I am anxious to learn about you. I have been hunting for some biography (or autobiography) of Swami Chinmayananda. You seem to have written or revealed so far nothing. Your Upanishads and Geeta and other books have been glanced by me; but they are all regarding the great Truth. But who are you? Were you like Buddha – a prince, or like Shankara — a poor brahmin boy, or like Ramakrishna — an uneducated simple villager, or like Vivekananda — an intellectual agnostic seeking Truth, but getting disgusted by the vague explanations of the Pundit class? We have a right to know you….
You must give us a glimpse of your own person. Hence I write this note. I have heard, honestly I confess, so many contradictory versions of you — that from what I am told you can be anything from an irredeemable rake to the sublime instance of a born divine….

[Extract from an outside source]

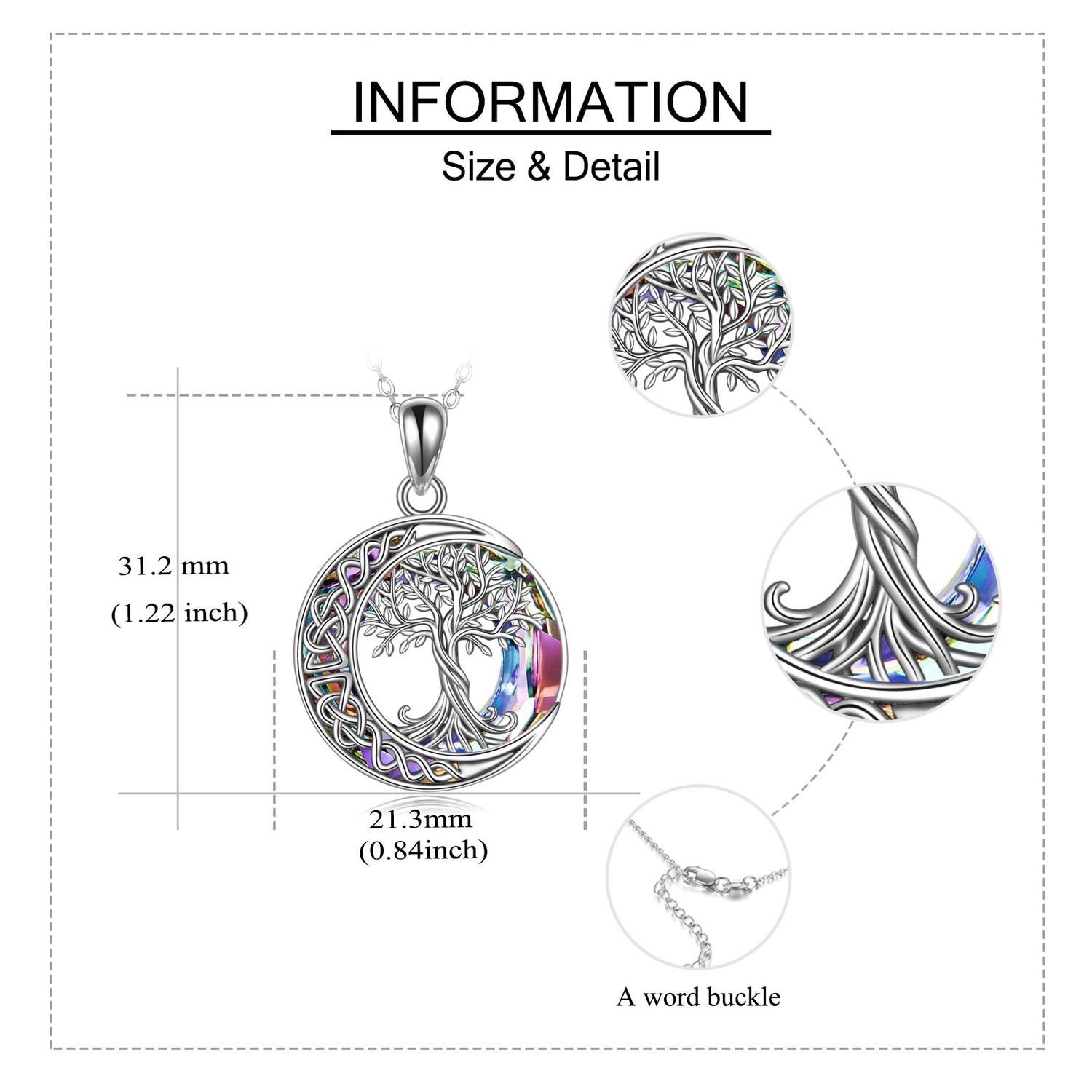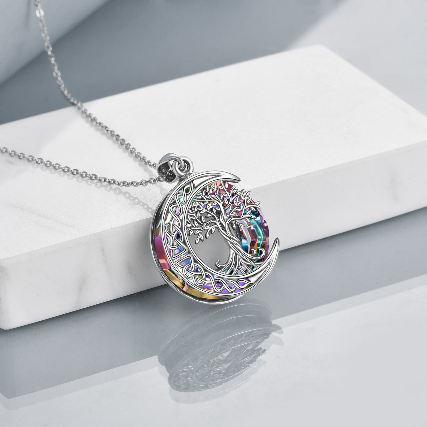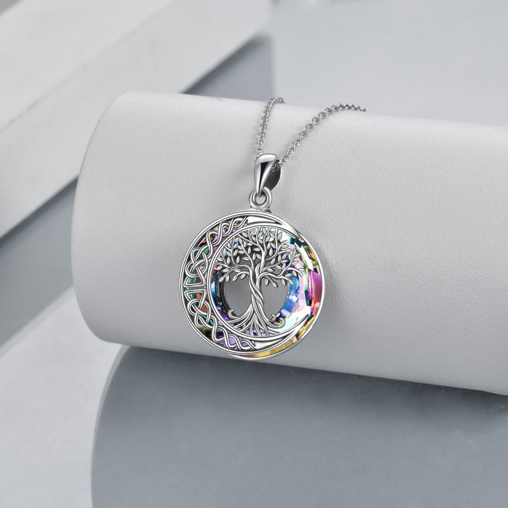 Sterling Silver Round Crystal Tree Of Life Moon With Celtic Knot Pendant Necklace For Women

Please console me, comfort me. Am I asking too much? Where can I meet you?
Chandra Bhanu Adiyar
26th April, 1966
Om Namo Narayanaya ! Salutations !
Only because I have got more interesting and very useful fields of many other works in hand at present, I cannot give you an “Autobiography” But here are some positive points which should satisfy you for the time being. Later, I am sure you will try to shift your attention from me to the Rishis and make your life beautiful and sublime.
I was born in Kerala, raised in the north, hardened in Punjab, softened in Uttarkashi, criticized everywhere, applauded in some places but accepted and worshipped by everyone. I am a riddle to myself.
Prattling was my profession, preaching is my profession now, and I know practice should be my future job. But everywhere I earned a lot so far and squandered it all in the community.
I am by training a Religious man, by experience a Vedantin, by inclination a Bhakta, in temperament a Karma Yogi, in practice an integral Yogi; my faith is in democracy; I am convinced by socialism; I am habituated to communism; and I am committed to the impossible theory of “Love All”.
Thick skinned, hard boned, I have a mail – of – laughter to cover and protect both my head and heart, and so stabs do not penetrate me, spears cannot cleave me, whippings do not lash me.
I eat and drink, take regular baths and sleep, wear clothes, have no jata, work for 18 – 19 hours a day and preach the rest of the time. When audiences are not available, of course, I preach to myself.
I have my lovers and many beloveds in this country and abroad. I play the beloved to my lovers, and am an enthusiastic lover to my Beloveds. We, together, thus step ahead and march through love towards the Lord’s Palace of Bliss and Wisdom.
Your goodself may meet me easily in my 35 books, or in the pooja room of any healthy young Indian, be a Hindu, Christian or Muslim.
The white men adore me, the yellow men recognize me, the brown men worship me, the black ones love me.
My teacher was a divinely sweet, incandescent, noble soul and I must tell you of Him when you grow a bit more.
May I hope to hear from you often, plenty of the similar rubbish, but sprinkled with more and more of the sensible stuff ? Try. You can. Don’t be shy. This is how everyone grows.